WHAT TO WORK ON ->
What is wanted is every line below from the one with "Монгол Улс 2025" up to and including the one with "وأما الترمذي فلفظه", retyped exactly, pictures excluded, nothing else.

RECORDS TO USE ->
----------------

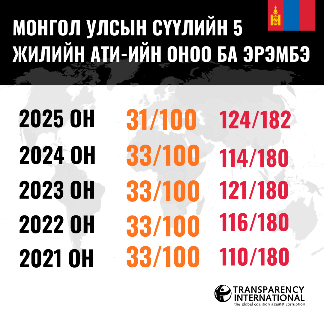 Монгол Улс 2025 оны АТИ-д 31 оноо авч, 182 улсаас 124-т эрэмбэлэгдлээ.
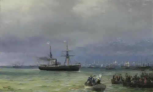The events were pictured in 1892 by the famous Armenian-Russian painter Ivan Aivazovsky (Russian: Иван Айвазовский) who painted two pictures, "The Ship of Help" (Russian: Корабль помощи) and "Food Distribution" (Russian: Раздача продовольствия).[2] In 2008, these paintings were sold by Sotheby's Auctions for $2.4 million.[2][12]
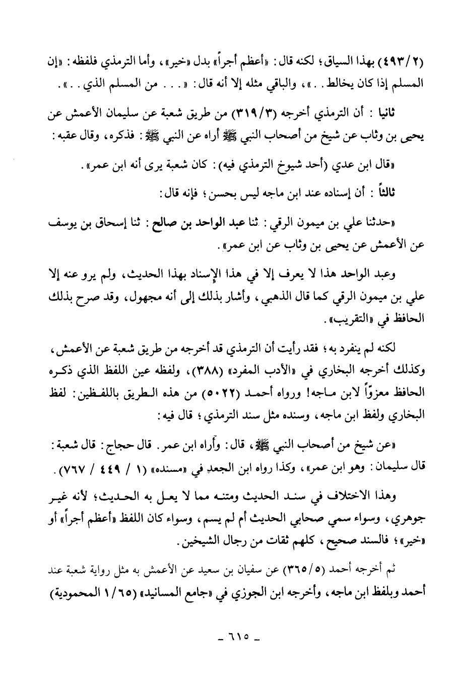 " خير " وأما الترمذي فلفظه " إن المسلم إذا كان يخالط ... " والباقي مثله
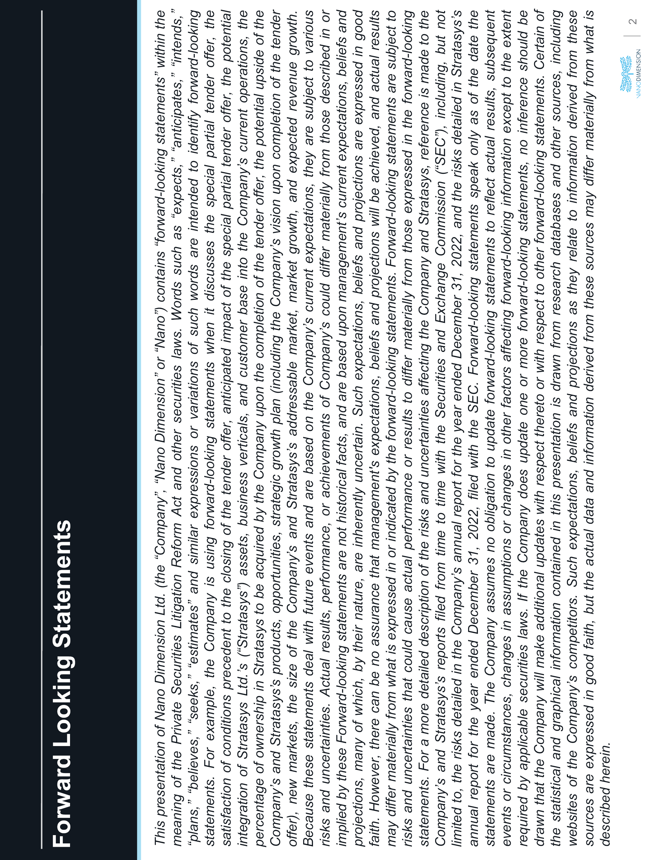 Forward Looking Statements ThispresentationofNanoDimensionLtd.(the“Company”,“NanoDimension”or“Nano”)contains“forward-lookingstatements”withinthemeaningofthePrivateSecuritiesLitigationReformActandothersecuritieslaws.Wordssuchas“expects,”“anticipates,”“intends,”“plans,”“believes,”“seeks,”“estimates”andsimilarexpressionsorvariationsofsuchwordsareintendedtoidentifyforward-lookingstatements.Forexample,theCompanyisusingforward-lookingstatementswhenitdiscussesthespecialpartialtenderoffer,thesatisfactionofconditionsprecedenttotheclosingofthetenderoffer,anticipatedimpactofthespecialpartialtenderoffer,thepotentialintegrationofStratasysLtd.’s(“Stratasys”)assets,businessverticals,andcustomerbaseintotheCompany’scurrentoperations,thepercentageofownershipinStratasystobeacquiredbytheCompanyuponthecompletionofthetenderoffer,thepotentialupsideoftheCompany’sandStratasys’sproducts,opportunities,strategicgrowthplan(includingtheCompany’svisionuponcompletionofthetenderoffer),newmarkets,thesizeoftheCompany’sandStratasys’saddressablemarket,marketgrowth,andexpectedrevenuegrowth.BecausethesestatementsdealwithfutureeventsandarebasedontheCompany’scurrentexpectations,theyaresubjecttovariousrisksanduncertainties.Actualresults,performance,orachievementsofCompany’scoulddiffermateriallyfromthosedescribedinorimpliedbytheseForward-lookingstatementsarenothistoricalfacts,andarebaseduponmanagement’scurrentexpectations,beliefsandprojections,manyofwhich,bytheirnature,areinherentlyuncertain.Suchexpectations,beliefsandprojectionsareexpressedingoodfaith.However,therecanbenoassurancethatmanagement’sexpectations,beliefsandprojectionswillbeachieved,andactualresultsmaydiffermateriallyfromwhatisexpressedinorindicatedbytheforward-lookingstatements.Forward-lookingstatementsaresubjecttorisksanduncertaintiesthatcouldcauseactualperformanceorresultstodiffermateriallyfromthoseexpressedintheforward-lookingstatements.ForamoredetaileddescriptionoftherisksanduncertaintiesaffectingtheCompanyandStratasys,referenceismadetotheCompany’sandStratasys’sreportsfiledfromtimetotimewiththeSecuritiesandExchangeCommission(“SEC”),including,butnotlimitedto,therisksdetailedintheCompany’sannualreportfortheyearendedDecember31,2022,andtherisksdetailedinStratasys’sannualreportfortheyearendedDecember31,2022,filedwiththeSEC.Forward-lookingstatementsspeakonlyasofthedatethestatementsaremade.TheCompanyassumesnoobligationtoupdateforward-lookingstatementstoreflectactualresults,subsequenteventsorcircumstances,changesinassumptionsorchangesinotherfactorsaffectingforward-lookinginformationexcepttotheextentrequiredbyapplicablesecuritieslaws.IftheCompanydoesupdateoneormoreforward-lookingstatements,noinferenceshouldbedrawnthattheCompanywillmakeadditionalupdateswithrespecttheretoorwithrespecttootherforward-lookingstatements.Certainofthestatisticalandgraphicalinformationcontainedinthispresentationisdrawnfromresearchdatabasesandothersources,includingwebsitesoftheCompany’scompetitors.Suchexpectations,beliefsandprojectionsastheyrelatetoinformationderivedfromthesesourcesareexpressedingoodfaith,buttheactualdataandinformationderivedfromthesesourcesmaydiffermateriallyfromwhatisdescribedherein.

----------------

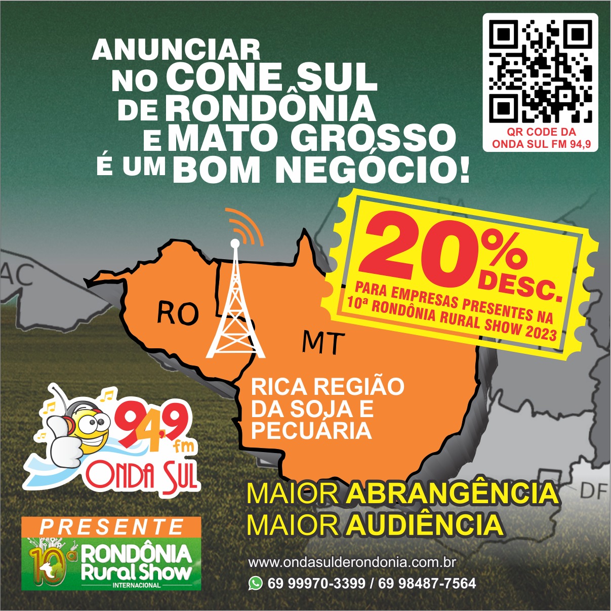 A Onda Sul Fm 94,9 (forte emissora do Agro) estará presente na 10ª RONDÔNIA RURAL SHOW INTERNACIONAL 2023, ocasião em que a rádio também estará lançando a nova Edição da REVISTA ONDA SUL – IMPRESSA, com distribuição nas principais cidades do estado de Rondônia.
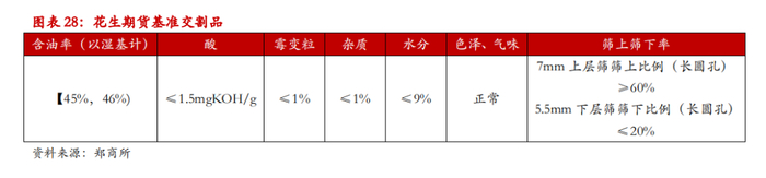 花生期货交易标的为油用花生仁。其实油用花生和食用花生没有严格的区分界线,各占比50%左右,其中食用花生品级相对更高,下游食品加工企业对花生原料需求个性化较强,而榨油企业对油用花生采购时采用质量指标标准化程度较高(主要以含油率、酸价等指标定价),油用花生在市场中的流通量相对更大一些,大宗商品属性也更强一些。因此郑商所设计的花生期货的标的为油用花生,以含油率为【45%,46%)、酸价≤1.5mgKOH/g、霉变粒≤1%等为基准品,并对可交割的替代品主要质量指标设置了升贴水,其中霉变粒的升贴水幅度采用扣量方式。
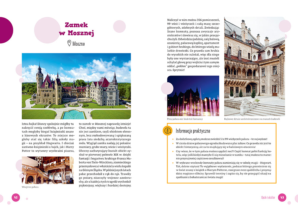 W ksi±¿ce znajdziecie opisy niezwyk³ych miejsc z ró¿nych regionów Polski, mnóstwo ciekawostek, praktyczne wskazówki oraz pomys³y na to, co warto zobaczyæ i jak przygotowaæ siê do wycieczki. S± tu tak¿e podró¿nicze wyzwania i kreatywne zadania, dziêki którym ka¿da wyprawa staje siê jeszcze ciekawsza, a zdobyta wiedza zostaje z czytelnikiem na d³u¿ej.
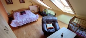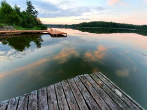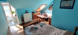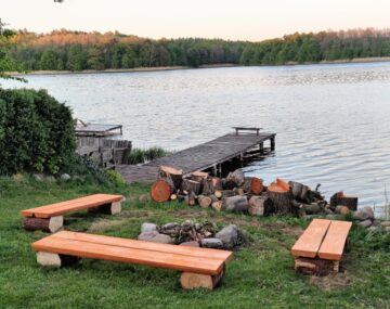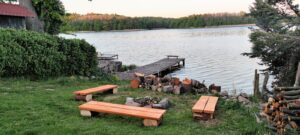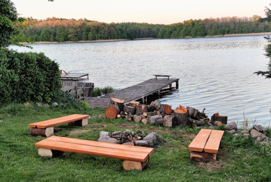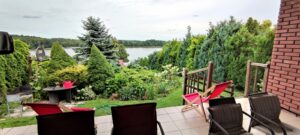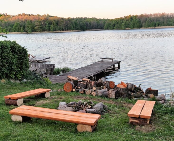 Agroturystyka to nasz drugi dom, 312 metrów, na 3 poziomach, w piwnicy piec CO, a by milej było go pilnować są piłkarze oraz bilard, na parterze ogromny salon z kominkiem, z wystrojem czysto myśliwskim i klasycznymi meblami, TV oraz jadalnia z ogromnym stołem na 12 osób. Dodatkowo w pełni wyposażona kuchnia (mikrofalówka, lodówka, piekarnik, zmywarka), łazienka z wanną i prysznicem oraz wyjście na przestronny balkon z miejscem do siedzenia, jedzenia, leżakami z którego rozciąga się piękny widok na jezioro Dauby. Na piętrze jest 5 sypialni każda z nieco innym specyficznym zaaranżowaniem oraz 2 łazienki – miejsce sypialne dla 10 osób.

----------------

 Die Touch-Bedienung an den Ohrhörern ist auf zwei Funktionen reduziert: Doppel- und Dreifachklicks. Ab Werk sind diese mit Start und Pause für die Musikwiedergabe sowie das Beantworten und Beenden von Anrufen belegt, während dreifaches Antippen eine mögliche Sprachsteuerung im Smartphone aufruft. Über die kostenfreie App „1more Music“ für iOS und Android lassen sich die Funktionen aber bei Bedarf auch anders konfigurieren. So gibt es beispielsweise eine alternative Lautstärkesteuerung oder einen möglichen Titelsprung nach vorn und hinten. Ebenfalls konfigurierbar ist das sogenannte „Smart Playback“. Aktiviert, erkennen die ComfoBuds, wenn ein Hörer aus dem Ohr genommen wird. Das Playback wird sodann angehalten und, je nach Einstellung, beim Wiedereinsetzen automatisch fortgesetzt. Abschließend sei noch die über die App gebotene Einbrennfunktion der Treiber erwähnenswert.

----------------

EXERCISE OUTPUT ->
 Монгол Улс 2025 оны АТИ-д 31 оноо авч, 182 улсаас 124-т эрэмбэлэгдлээ.
The events were pictured in 1892 by the famous Armenian-Russian painter Ivan Aivazovsky (Russian: Иван Айвазовский) who painted two pictures, "The Ship of Help" (Russian: Корабль помощи) and "Food Distribution" (Russian: Раздача продовольствия).[2] In 2008, these paintings were sold by Sotheby's Auctions for $2.4 million.[2][12]
 " خير " وأما الترمذي فلفظه " إن المسلم إذا كان يخالط ... " والباقي مثله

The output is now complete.